Finished jobs ending up as failed with SolidQueue::Processes::ProcessPrunedError
Hey there 👋
We're seeing an issue where some finished jobs are unexpectedly ending up in the failed jobs morgue with the following error:
SolidQueue::Processes::ProcessPrunedError
some other jobs genuinely fail, but we're concerned about the false positives: finished jobs incorrectly marked as failed.
This is creating noise in our monitoring and makes it harder to distinguish real failures from completed jobs.
Any insight into why this might be happening, or how we can prevent it, would be greatly appreciated!
Thanks in advance!
rails (7.2.2.1) ruby (3.3.0) solid_queue (1.1.0)
Hey @ericwecasa, sorry about this! When you say they jobs are finished, what do you mean exactly?
Hi @rosa, the finished_at value is solid_queue_jobs table is filled out.
FYI, not sure if this information is relevant, we use the gem mission-control as a dashboard
Hey @ericwecasa, so sorry for the delay! I missed that last comment 😳
This is really strange! I can't imagine how this can happen, because for a job to fail with a ProcessPrunedError, its associated claimed_execution needs to exist and be associated with a process that has been pruned (found dead).

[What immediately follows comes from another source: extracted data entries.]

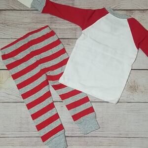 2 piece pajama set with raglan style long sleeve top and red and grey striped pants.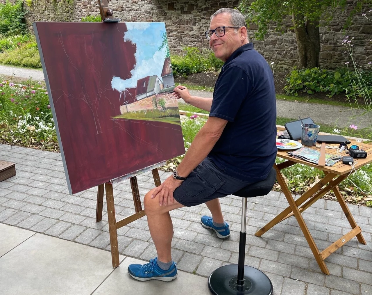 Sein Motiv war die Gartenlandschaft der Landesgartenschau auf der Wallanlage Höxter. Trotz des wechselhaften Wetters seien viele Besucher in den Gärten unterwegs gewesen. „Ich liebe es, in der Natur zu malen und freue mich über Besucher, die mir Fragen stellen und mein Gemälde kommentieren oder einfach nur Freude daran haben, mir beim Malen zuzuschauen“, beschreibt Siekmann den Tag in Höxter.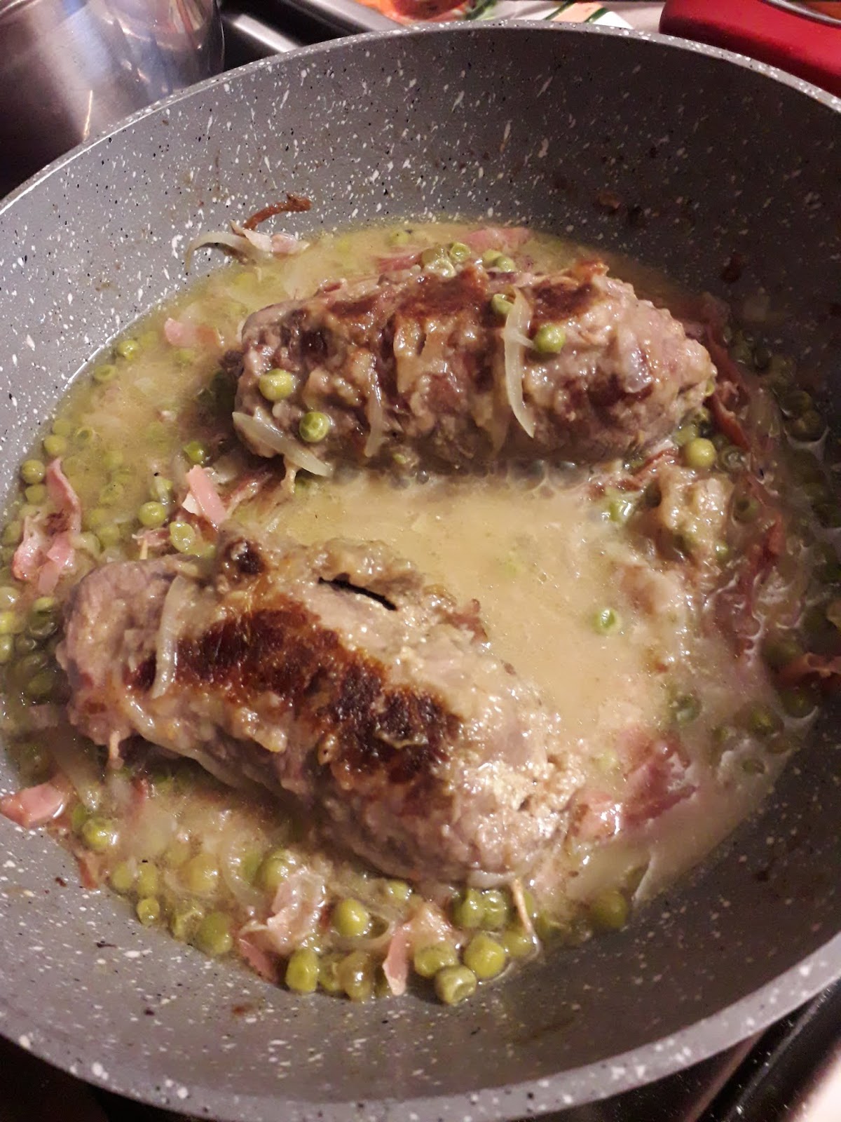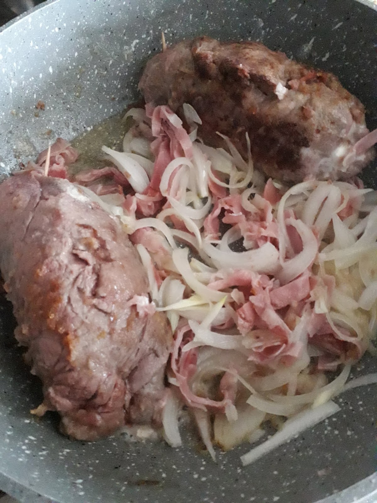 con stecchini,poggiamo gli involtini in una padella alta,con olio e burro,cipolle affettate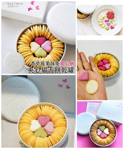 這款 香草莓果抹茶愛心夾心貓舌餅乾罐
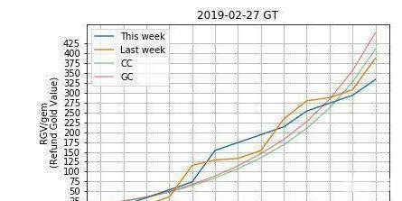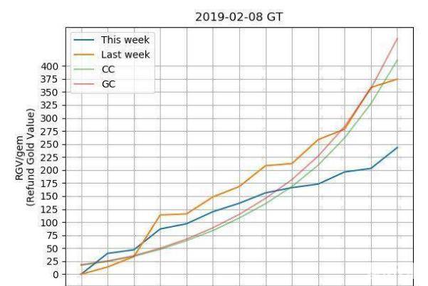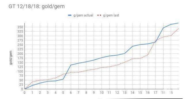 以下以一张图表为大家解说额外奖励的金币/宝石效益比:*蓝色实线为这次的锦标赛,红色虚线为上次的锦标赛,所以这次额外奖励效益比明显高于上一次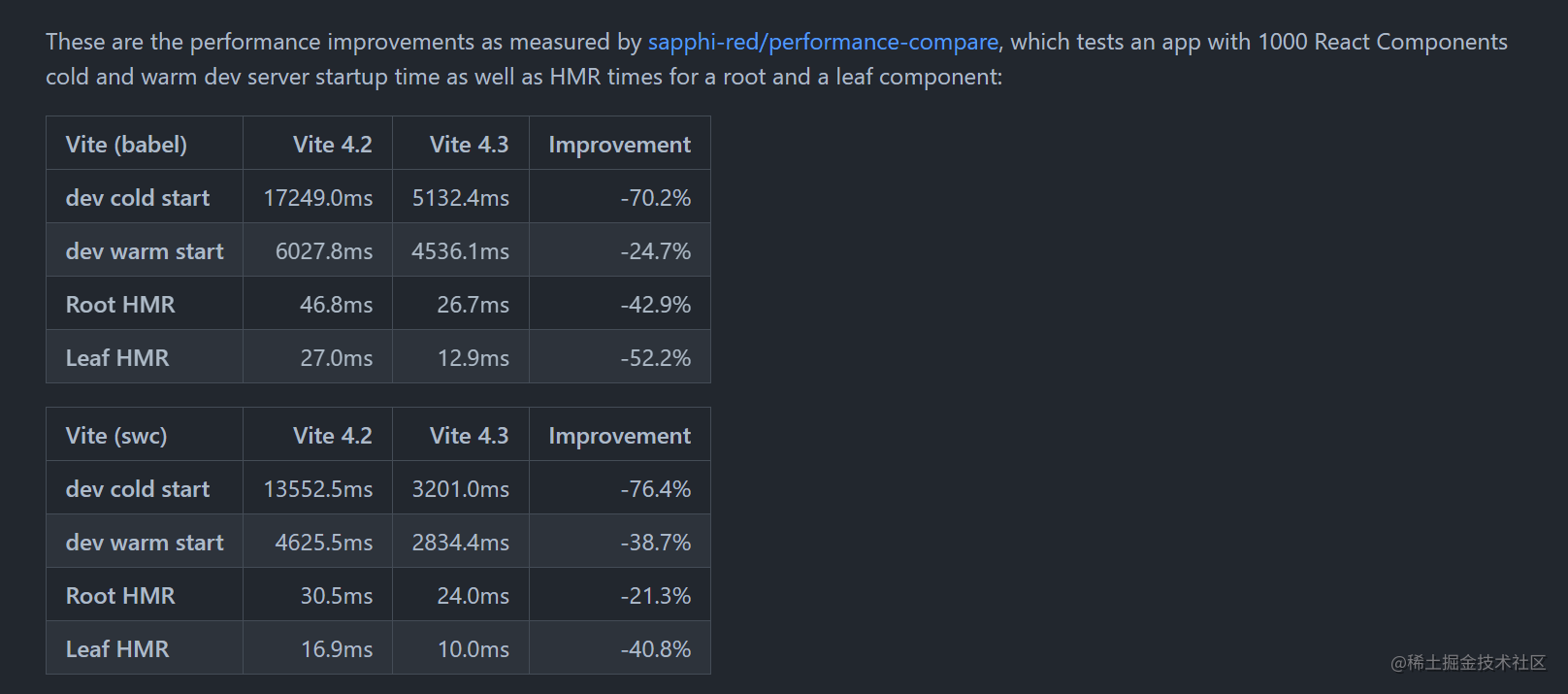 Dev Server要把请求需要的资源发送给浏览器,中间需要经历预构建、对请求文件做路径解析、加载源文件、对源文件做转换,然后才能把内容返回给浏览器,这个时间耗时蛮久的,导致白屏时间较长。解决方案升级 vite 4.3 版本 github.com/vitejs/vite…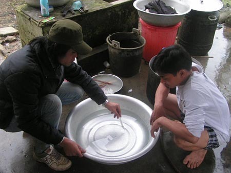 | Phóng viên đo nhiệt độ nước giếng vào ngày 7/4 |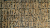 Pintura abstrata no modo horizontal, possui figuras que formam formas geométricas, cores predominantes são laranja, azul, amarelo e preto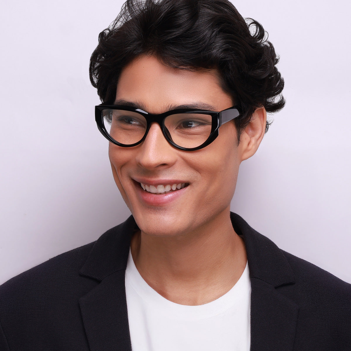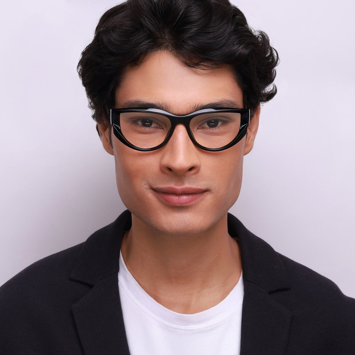 Óculos Geométrico G23 Preto em modelo com rosto médio.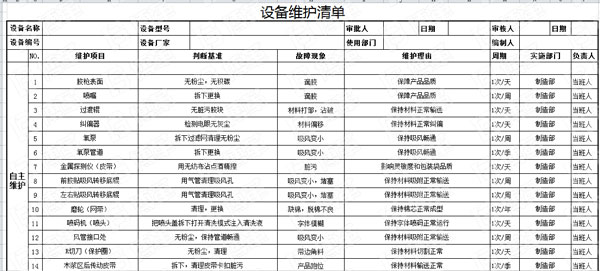 在自主與專業(yè)維護清單完成后,根據(jù)設(shè)備故障的判斷基準(zhǔn)、故障現(xiàn)象、維護的周期、維護的部門和責(zé)任人,制定自主與專業(yè)維護清單。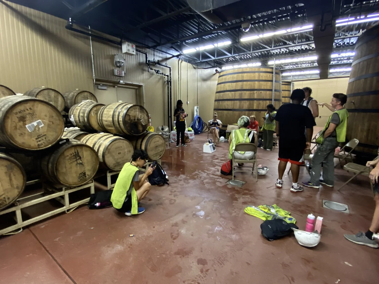 When it rained and we couldn’t work, we were given the Sam Adams fermenting beer room. It’s a cool room! It also made me gag more than a few times. If you stay in there past ten minutes or so, you get a headache. Don’t breathe in too hard or you will be gagging. Eventually, we all got used to it. Mostly. Those of us with cars were allowed to wait in there while the rain passed.

This is the only place where jobs are failed in that way. However, a job is marked as finished in the same transaction as its claimed execution is deleted. This is why I was asking what you meant by finished, because I assumed it wouldn't be that the job had finished_at set.
The next time you get one of those, could you get screenshots of all the data of the failed job from Mission Control?